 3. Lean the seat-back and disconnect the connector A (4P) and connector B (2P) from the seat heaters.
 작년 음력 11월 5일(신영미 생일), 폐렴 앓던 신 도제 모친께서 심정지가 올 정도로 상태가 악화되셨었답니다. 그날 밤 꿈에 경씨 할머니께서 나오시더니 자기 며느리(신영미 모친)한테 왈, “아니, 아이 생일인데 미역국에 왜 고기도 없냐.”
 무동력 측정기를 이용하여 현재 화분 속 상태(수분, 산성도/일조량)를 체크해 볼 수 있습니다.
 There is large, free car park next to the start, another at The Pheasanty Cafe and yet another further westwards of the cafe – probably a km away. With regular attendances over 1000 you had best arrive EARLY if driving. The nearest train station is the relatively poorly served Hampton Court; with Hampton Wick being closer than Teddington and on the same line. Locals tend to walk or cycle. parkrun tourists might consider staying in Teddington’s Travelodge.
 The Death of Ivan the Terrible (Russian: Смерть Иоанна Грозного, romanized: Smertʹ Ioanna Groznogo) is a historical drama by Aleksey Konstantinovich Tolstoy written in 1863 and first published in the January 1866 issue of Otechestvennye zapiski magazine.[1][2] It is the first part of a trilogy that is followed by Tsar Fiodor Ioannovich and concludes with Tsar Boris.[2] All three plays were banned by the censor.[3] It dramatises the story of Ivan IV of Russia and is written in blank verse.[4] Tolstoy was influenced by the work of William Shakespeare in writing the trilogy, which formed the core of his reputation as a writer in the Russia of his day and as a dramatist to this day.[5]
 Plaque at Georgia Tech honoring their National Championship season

* * *

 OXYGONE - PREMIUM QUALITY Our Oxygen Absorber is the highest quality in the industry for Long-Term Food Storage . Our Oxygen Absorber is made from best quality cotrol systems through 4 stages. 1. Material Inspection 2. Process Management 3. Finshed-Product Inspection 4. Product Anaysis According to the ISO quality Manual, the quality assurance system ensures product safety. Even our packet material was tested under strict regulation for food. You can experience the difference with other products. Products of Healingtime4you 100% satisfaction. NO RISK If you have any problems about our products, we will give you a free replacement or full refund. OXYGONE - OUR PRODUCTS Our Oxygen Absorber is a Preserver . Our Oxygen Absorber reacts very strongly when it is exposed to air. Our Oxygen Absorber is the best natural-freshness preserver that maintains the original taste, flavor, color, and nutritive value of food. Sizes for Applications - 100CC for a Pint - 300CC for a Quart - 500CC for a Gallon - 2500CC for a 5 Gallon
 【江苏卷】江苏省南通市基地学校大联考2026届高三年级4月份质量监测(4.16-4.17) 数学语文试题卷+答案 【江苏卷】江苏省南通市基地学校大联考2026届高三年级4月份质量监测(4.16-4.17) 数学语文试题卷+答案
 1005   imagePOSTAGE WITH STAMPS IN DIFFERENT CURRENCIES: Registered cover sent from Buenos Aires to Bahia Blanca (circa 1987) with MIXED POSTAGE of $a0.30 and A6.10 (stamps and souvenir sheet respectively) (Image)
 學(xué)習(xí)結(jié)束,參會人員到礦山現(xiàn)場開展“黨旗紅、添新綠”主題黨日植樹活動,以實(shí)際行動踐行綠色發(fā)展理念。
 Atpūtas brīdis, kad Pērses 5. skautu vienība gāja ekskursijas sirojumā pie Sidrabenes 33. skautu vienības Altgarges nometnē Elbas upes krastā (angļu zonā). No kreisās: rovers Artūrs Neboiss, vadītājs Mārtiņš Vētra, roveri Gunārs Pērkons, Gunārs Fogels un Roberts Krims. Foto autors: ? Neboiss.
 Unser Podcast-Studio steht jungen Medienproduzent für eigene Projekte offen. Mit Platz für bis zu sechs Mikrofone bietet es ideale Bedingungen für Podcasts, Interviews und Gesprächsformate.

==

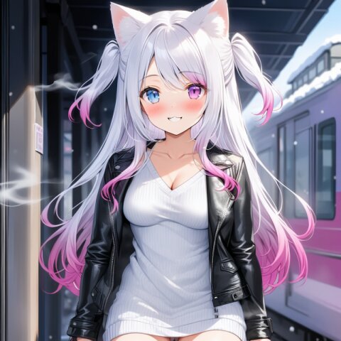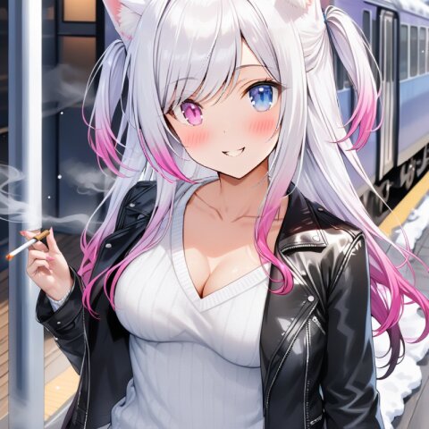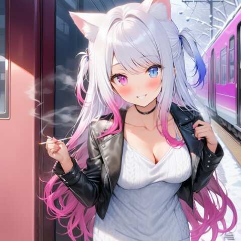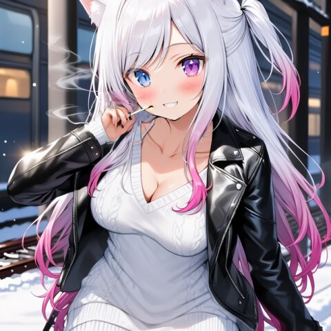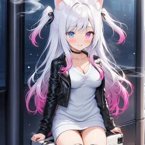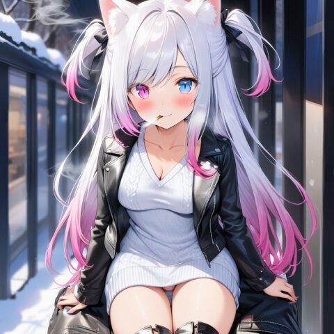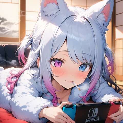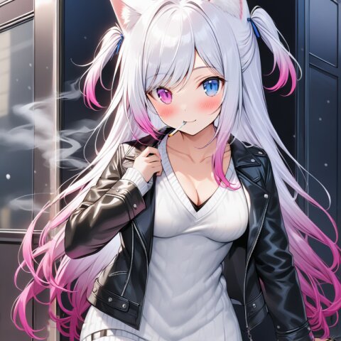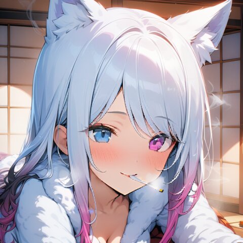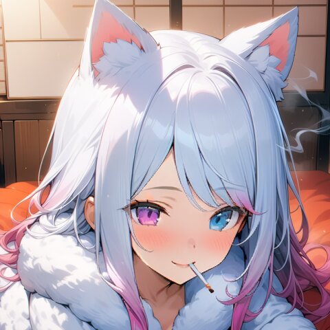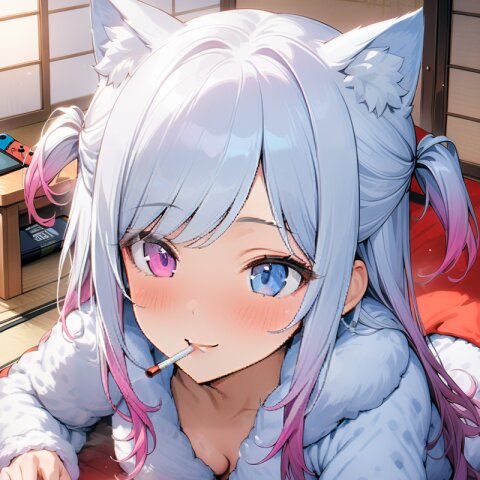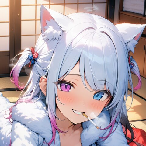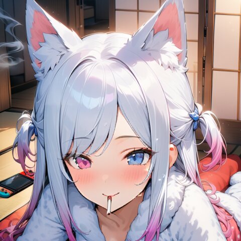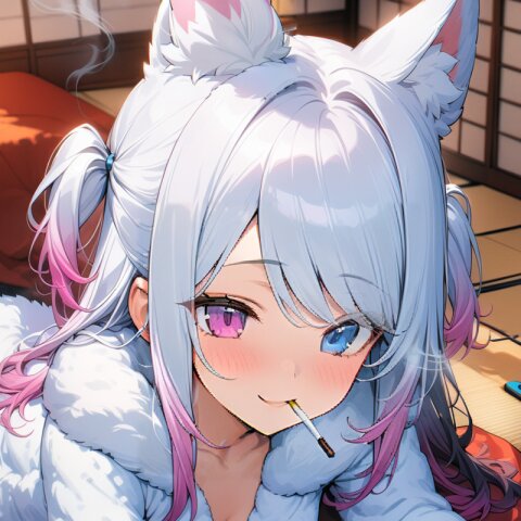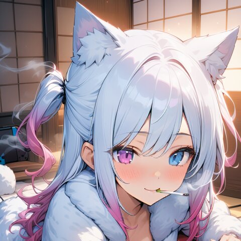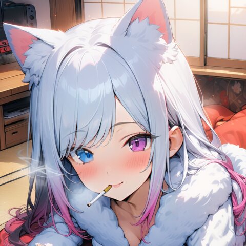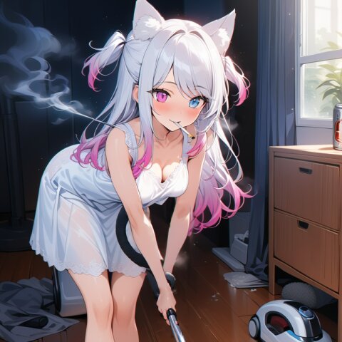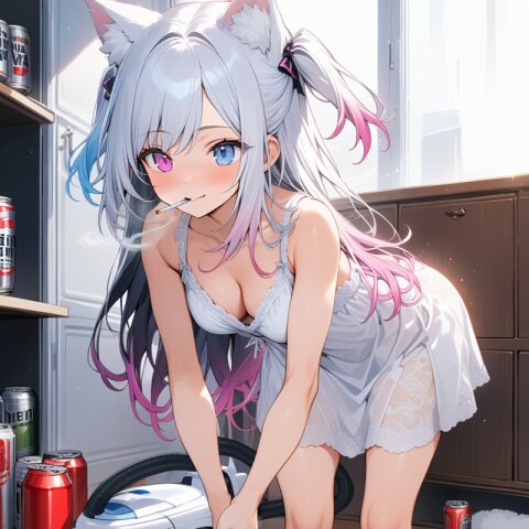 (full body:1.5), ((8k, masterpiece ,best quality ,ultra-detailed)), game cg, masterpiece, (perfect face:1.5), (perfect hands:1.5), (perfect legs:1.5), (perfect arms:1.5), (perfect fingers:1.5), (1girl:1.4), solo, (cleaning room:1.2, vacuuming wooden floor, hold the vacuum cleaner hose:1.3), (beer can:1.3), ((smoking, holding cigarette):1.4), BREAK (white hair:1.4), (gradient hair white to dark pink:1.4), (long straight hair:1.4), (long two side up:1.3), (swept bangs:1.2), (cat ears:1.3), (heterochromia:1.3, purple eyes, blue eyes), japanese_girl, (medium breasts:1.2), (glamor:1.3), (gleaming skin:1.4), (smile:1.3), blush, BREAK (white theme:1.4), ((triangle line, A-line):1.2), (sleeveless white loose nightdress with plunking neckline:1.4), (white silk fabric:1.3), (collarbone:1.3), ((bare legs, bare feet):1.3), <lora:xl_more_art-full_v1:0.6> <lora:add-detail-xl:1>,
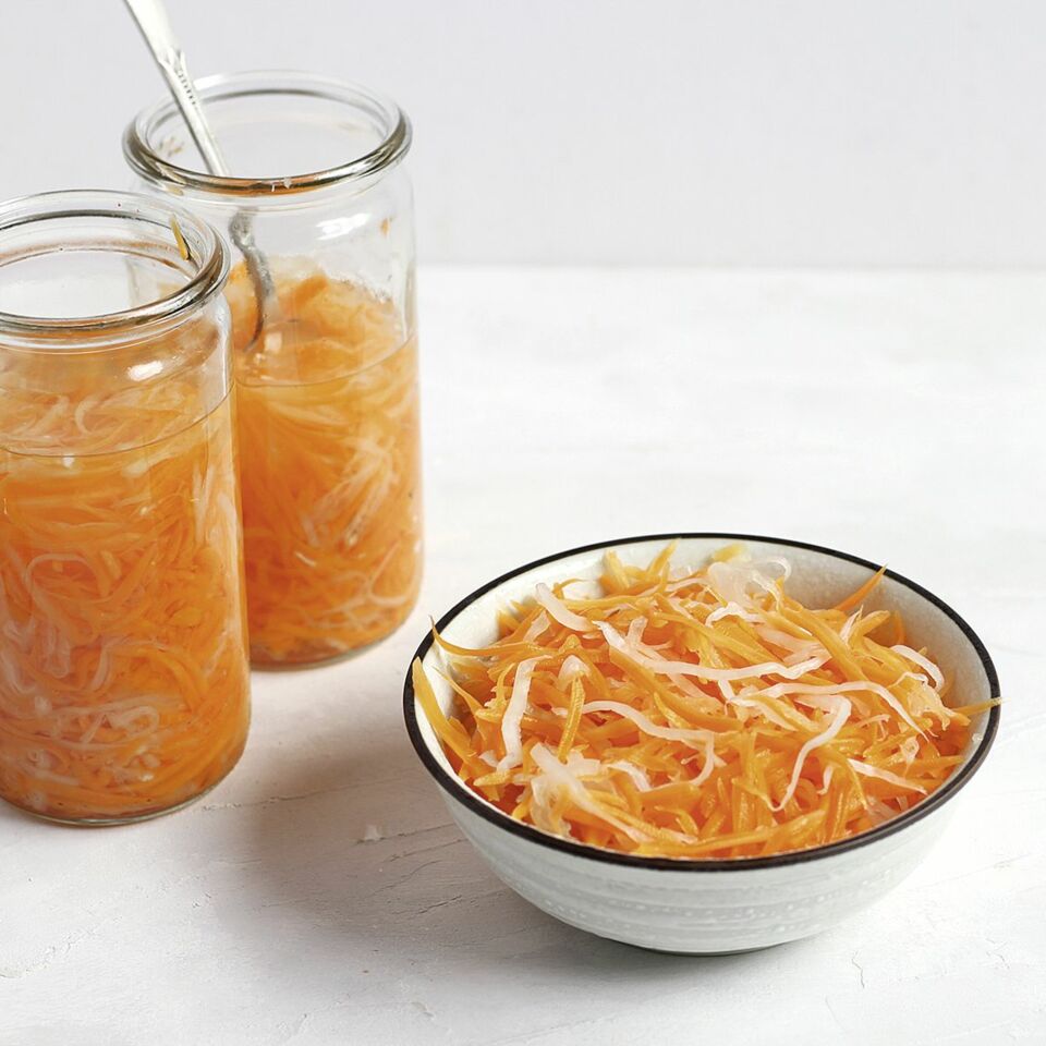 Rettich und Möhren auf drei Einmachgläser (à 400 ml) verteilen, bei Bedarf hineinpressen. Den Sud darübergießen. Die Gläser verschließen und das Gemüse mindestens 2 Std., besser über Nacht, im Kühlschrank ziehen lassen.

▶ EXERCISE:
With the first line being the one containing "3. Lean the" and the last line the one containing "There is large, free", transcribe exactly the lines above that fall in that range.

▶ OUTPUT OF THE EXERCISE:
 3. Lean the seat-back and disconnect the connector A (4P) and connector B (2P) from the seat heaters.
 작년 음력 11월 5일(신영미 생일), 폐렴 앓던 신 도제 모친께서 심정지가 올 정도로 상태가 악화되셨었답니다. 그날 밤 꿈에 경씨 할머니께서 나오시더니 자기 며느리(신영미 모친)한테 왈, “아니, 아이 생일인데 미역국에 왜 고기도 없냐.”
 무동력 측정기를 이용하여 현재 화분 속 상태(수분, 산성도/일조량)를 체크해 볼 수 있습니다.
 There is large, free car park next to the start, another at The Pheasanty Cafe and yet another further westwards of the cafe – probably a km away. With regular attendances over 1000 you had best arrive EARLY if driving. The nearest train station is the relatively poorly served Hampton Court; with Hampton Wick being closer than Teddington and on the same line. Locals tend to walk or cycle. parkrun tourists might consider staying in Teddington’s Travelodge.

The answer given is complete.